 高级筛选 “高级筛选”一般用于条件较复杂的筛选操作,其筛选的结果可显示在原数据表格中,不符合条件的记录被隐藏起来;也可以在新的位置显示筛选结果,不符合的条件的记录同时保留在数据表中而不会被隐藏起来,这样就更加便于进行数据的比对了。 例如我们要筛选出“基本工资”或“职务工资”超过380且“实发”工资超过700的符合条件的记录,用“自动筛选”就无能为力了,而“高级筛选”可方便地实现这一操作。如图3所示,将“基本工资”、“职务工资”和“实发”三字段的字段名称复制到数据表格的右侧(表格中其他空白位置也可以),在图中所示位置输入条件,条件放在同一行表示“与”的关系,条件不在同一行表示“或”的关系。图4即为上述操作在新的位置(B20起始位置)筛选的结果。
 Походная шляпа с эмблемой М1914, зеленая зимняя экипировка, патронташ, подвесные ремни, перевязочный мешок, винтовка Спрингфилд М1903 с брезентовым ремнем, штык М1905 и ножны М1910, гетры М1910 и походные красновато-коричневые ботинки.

--

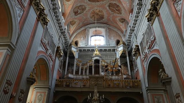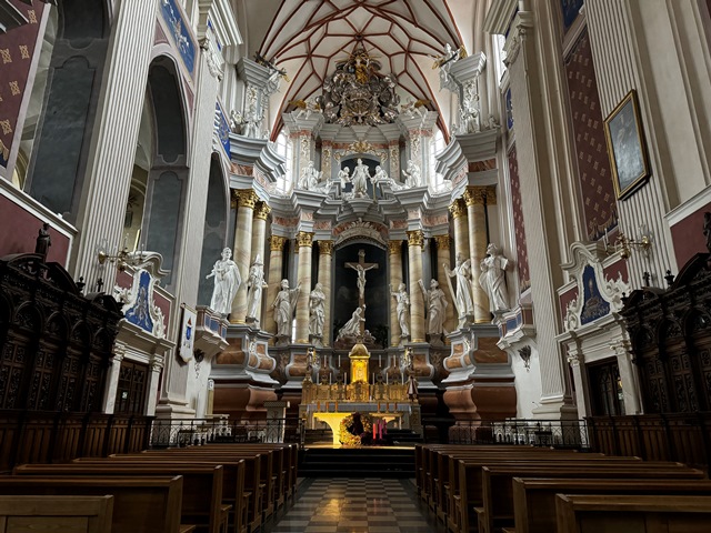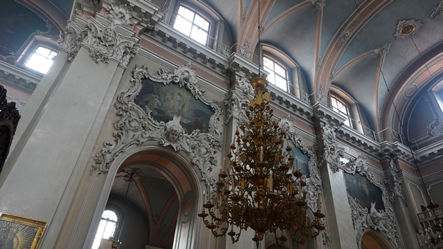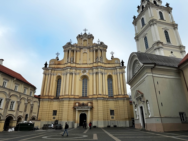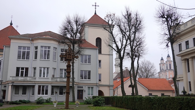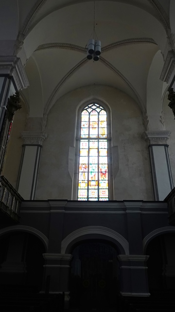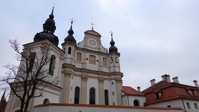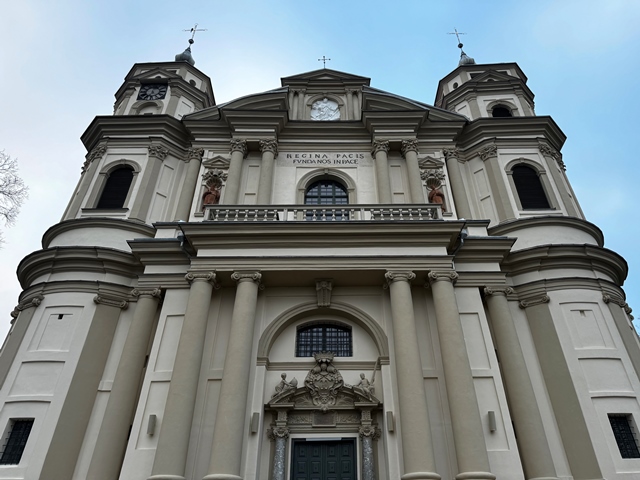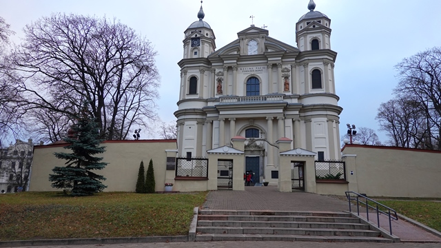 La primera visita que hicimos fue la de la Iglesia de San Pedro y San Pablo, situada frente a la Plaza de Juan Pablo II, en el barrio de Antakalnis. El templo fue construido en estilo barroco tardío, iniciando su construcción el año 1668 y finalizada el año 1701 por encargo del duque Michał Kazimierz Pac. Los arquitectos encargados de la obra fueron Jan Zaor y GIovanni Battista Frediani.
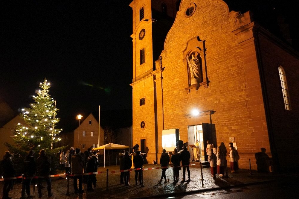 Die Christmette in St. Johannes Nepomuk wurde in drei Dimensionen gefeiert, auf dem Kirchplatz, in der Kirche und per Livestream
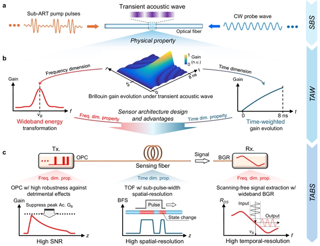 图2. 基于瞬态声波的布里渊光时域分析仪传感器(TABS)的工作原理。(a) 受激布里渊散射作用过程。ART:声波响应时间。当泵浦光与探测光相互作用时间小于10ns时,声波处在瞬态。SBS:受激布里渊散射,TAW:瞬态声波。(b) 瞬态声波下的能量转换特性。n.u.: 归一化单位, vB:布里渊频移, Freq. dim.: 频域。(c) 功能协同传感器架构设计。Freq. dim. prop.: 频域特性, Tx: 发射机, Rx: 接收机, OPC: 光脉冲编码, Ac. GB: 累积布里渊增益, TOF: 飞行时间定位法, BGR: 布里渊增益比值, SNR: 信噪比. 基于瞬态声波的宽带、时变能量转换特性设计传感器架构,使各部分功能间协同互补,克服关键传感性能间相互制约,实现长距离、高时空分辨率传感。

--

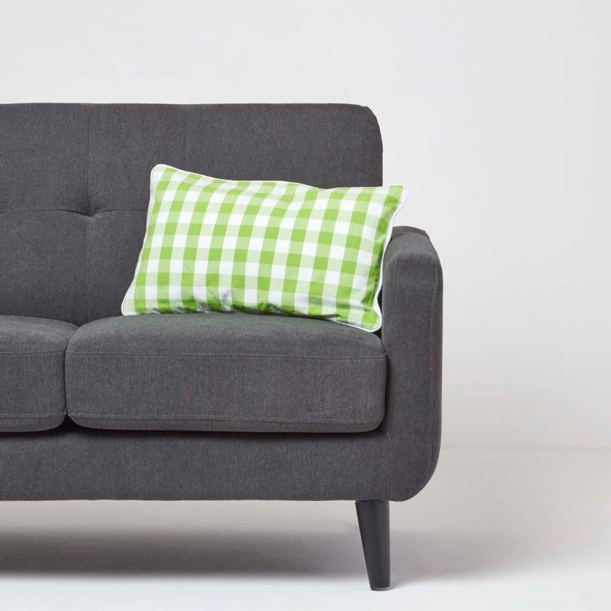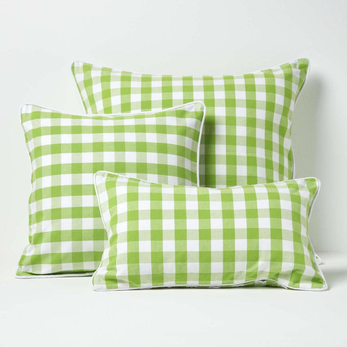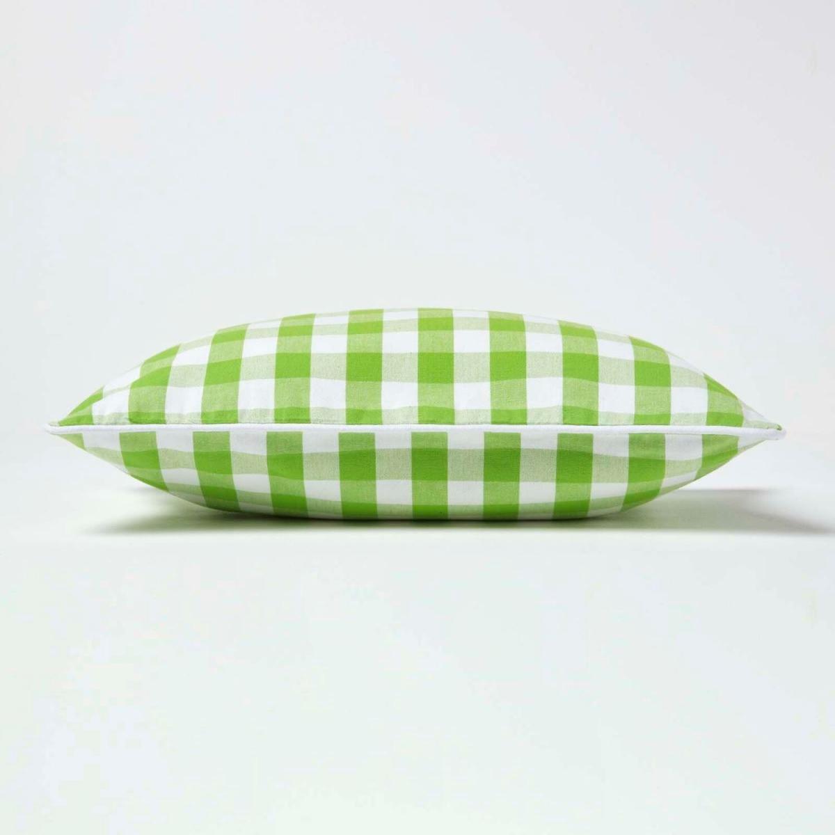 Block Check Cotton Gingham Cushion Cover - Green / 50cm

What is being asked
Would you please repeat only the lines above, beginning at the one that has "Die Christmette in" and stopping after the one that has "归一化单位, vB:布里渊频移, Freq.", exactly and with no pictures?

Answer to this exercise
 Die Christmette in St. Johannes Nepomuk wurde in drei Dimensionen gefeiert, auf dem Kirchplatz, in der Kirche und per Livestream
 图2. 基于瞬态声波的布里渊光时域分析仪传感器(TABS)的工作原理。(a) 受激布里渊散射作用过程。ART:声波响应时间。当泵浦光与探测光相互作用时间小于10ns时,声波处在瞬态。SBS:受激布里渊散射,TAW:瞬态声波。(b) 瞬态声波下的能量转换特性。n.u.: 归一化单位, vB:布里渊频移, Freq. dim.: 频域。(c) 功能协同传感器架构设计。Freq. dim. prop.: 频域特性, Tx: 发射机, Rx: 接收机, OPC: 光脉冲编码, Ac. GB: 累积布里渊增益, TOF: 飞行时间定位法, BGR: 布里渊增益比值, SNR: 信噪比. 基于瞬态声波的宽带、时变能量转换特性设计传感器架构,使各部分功能间协同互补,克服关键传感性能间相互制约,实现长距离、高时空分辨率传感。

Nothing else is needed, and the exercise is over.